Researchers at Cardiff University were analyzing blood samples from a blood bank in Wales, looking for immune cells that could fight bacteria, when they found an entirely new type of T-cell.

That new immune cell carries a never-before-seen receptor which acts like a grappling hook, latching on to most human cancers, while ignoring healthy cells.

In laboratory studies, immune cells equipped with the new receptor were shown to kill lung, skin, blood, colon, breast, bone, prostate, ovarian, kidney and cervical cancer.

Professor Andrew Sewell, lead author on the study and an expert in T-cells from Cardiff University’s School of Medicine, said it was “highly unusual” to find a cell that had broad cancer-fighting therapies, and raised the prospect of a universal therapy.

“This was a serendipitous finding, nobody knew this cell existed,” Prof Sewell told The Telegraph.

“Our finding raises the prospect of a ‘one-size-fits-all’ cancer treatment, a single type of T-cell that could be capable of destroying many different types of cancers across the population. Previously nobody believed this could be possible.”

Asked if it meant that someone in Wales was walking around completely immune to cancer, Prof Sewell said: “Possibly. This immune cell could be quite rare, or it could be that lots of people have this receptor but for some reason it is not activated. We just don’t know yet.”

Therapies which engineer immune cells to fight specific types of cancer already exist, but they are currently only useful for some forms of leukaemia, and do not work for solid tumours, which account for most cancers.

Those treatments – known as CAR-T and TCR-T therapies – involve taking immune cells from a patient which are then altered so they can lock onto molecules which sit on the surface of cancer cells.

The cells are then grown in huge numbers and injected back into the patient’s bloodstream.

CAR-T therapy is now given for certain forms of leukaemia but does not work for solid tumours, the vast majority of cancers. TCR-T therapies can work in some other cancers but they need to lock onto molecules called HLA, which vary widely in the population.

In contrast, the new cell attaches to a molecule on cancer cells called MR1, which does not vary in humans.

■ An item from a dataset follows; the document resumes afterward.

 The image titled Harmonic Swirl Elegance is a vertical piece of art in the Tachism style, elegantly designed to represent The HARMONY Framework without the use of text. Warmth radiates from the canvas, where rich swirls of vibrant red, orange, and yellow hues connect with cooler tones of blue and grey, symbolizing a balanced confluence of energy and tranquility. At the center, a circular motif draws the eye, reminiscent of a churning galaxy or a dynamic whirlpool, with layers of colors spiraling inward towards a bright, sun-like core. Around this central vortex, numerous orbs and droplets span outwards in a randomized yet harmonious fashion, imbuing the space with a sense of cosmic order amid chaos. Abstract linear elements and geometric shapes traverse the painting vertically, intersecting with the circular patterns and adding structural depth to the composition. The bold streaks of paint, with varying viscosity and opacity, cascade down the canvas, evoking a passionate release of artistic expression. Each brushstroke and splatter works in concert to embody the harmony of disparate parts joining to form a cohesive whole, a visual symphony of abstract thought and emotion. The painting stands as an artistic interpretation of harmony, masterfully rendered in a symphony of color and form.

It means that not only would the treatment work for most cancers, but it could be shared between people, raising the possibility that banks of the special immune cells could be created for instant ‘off-the-shelf’ treatment in future.

When researchers injected the new immune cells into mice bearing human cancer and with a human immune system, they found ‘encouraging’ cancer-clearing results.

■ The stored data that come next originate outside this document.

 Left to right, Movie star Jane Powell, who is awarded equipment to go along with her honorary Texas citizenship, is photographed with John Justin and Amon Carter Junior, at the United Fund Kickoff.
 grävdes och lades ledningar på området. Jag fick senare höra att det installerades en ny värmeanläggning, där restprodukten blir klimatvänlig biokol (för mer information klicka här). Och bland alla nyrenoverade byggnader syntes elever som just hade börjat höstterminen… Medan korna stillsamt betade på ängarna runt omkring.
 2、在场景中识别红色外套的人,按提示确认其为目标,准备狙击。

And they showed that T-cells of skin cancer patients, which were modified to express the new receptor, could destroy not only the patient’s own cancer cells, but also other patients’ cancer cells in the laboratory.

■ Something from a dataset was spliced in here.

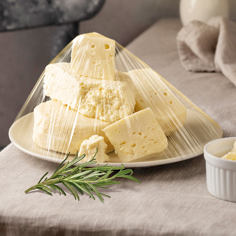 Пищевая плёнка предназначена для упаковки холодных пищевых продуктов. Позволяет сохранить свежесть и вкусовые качества продуктов, а также препятствует потере влаги и заветриванию упакованных продуктов. Плёнка препятствует смешиванию запахов продуктов при хранении. При изготовлении плёнки используется только первичное сырьё, так как использование вторичного сырья делает её токсичной, агрессивной по отношению к пищевым продуктам. Определить наличие вторичных материалов в составе сырья можно по радужным разводам на поверхности полиэтилена и по мутности. Высокое качество сырья позволяет плёнке легко разматываться и хорошо растягиваться без потери прочности.

Prof Sewell said the ‘right people’ are now interested in developing the potential new therapy and said progress could now move ‘quite fast’. The team says human trials on terminally ill patients could begin as early as November if the new treatment passes further laboratory safety testing.

Professor Oliver Ottmann, Cardiff University’s Head of Haematology, whose department delivers CAR-T therapy, said: “This new type of T-cell therapy has enormous potential to overcome current limitations of CAR-T, which has been struggling to identify suitable and safe targets for more than a few cancer types.”

Professor Awen Gallimore, of the University’s division of infection and immunity and cancer immunology lead for the Wales Cancer Research Centre, added: “If this transformative new finding holds up, it will lay the foundation for a ‘universal’ T-cell medicine, mitigating against the tremendous costs associated with the identification, generation and manufacture of personalised T-cells.

“This is truly exciting and potentially a great step forward for the accessibility of cancer immunotherapy.”

Commenting on the study, Daniel Davis, Professor of Immunology at the University of Manchester, said it was an exciting discovery which opened the door to cellular therapies being used for more people.

“We are in the midst of a medical revolution harnessing the power of the immune system to tackle cancer. But not everyone responds to the current therapies and there can be harmful side-effects.

“The team have convincingly shown that, in a lab dish, this type of immune cell reacts against a range of different cancer cells.

“We still need to understand exactly how it recognises and kills cancer cells, while not responding to normal healthy cells.”

The research was published in the journal Nature Immunology.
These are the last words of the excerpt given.